*Assigned task*:
Give the listing again character for character, but drop the images.

*Information supplied*:
● ● ● ● ●
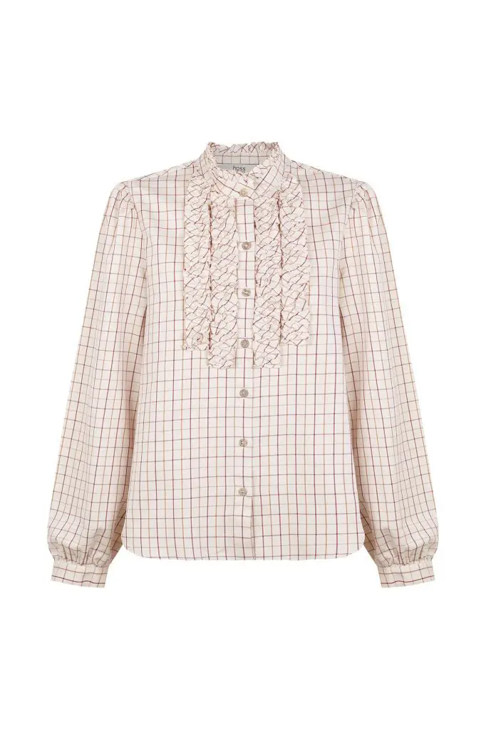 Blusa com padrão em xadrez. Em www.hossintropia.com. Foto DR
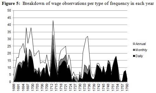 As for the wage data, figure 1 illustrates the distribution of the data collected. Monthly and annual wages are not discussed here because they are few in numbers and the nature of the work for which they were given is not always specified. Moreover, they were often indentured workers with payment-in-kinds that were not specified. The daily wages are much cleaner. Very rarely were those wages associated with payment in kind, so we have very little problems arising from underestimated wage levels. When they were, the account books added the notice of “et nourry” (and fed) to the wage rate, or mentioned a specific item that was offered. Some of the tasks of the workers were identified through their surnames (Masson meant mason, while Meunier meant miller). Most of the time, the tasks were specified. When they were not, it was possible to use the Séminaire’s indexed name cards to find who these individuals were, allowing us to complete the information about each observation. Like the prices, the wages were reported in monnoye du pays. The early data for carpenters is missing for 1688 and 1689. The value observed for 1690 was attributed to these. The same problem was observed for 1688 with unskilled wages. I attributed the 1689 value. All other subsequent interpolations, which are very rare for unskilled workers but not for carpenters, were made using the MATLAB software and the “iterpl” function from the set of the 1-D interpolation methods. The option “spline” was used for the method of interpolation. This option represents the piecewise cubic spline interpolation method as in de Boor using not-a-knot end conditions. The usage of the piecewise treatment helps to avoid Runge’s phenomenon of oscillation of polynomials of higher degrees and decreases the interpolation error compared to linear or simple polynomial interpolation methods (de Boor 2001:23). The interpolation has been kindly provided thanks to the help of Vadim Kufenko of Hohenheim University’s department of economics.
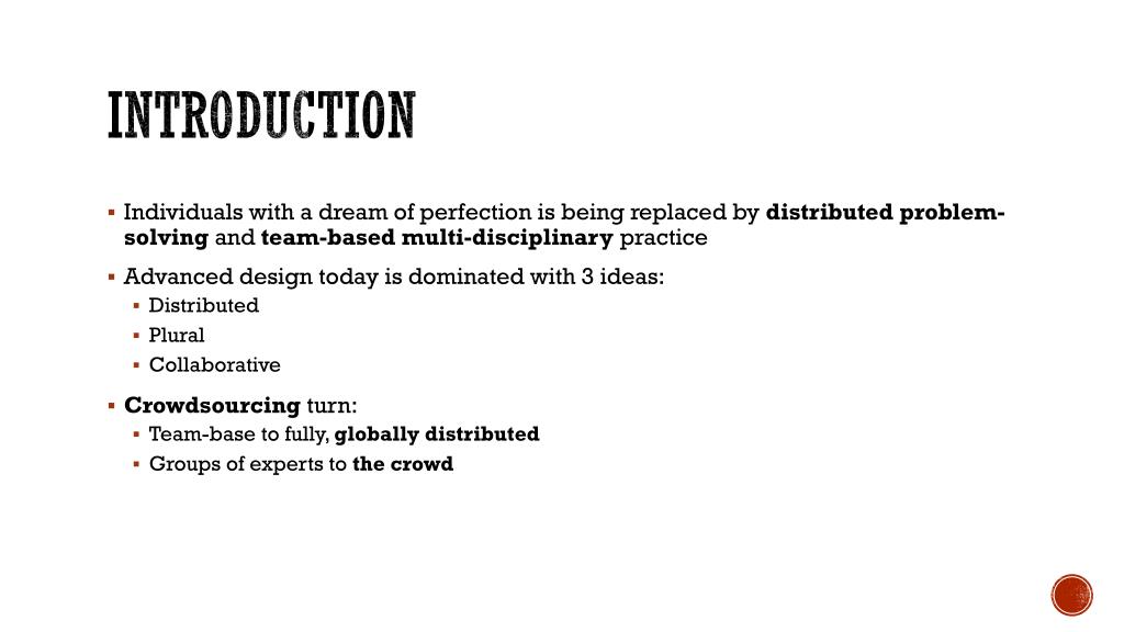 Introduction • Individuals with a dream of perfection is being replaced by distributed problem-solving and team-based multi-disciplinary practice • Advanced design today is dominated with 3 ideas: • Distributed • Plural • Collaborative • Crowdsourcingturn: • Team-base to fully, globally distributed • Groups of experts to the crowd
● ● ● ● ●
*Exercise answer*:
 Blusa com padrão em xadrez. Em www.hossintropia.com. Foto DR
 As for the wage data, figure 1 illustrates the distribution of the data collected. Monthly and annual wages are not discussed here because they are few in numbers and the nature of the work for which they were given is not always specified. Moreover, they were often indentured workers with payment-in-kinds that were not specified. The daily wages are much cleaner. Very rarely were those wages associated with payment in kind, so we have very little problems arising from underestimated wage levels. When they were, the account books added the notice of “et nourry” (and fed) to the wage rate, or mentioned a specific item that was offered. Some of the tasks of the workers were identified through their surnames (Masson meant mason, while Meunier meant miller). Most of the time, the tasks were specified. When they were not, it was possible to use the Séminaire’s indexed name cards to find who these individuals were, allowing us to complete the information about each observation. Like the prices, the wages were reported in monnoye du pays. The early data for carpenters is missing for 1688 and 1689. The value observed for 1690 was attributed to these. The same problem was observed for 1688 with unskilled wages. I attributed the 1689 value. All other subsequent interpolations, which are very rare for unskilled workers but not for carpenters, were made using the MATLAB software and the “iterpl” function from the set of the 1-D interpolation methods. The option “spline” was used for the method of interpolation. This option represents the piecewise cubic spline interpolation method as in de Boor using not-a-knot end conditions. The usage of the piecewise treatment helps to avoid Runge’s phenomenon of oscillation of polynomials of higher degrees and decreases the interpolation error compared to linear or simple polynomial interpolation methods (de Boor 2001:23). The interpolation has been kindly provided thanks to the help of Vadim Kufenko of Hohenheim University’s department of economics.
 Introduction • Individuals with a dream of perfection is being replaced by distributed problem-solving and team-based multi-disciplinary practice • Advanced design today is dominated with 3 ideas: • Distributed • Plural • Collaborative • Crowdsourcingturn: • Team-base to fully, globally distributed • Groups of experts to the crowd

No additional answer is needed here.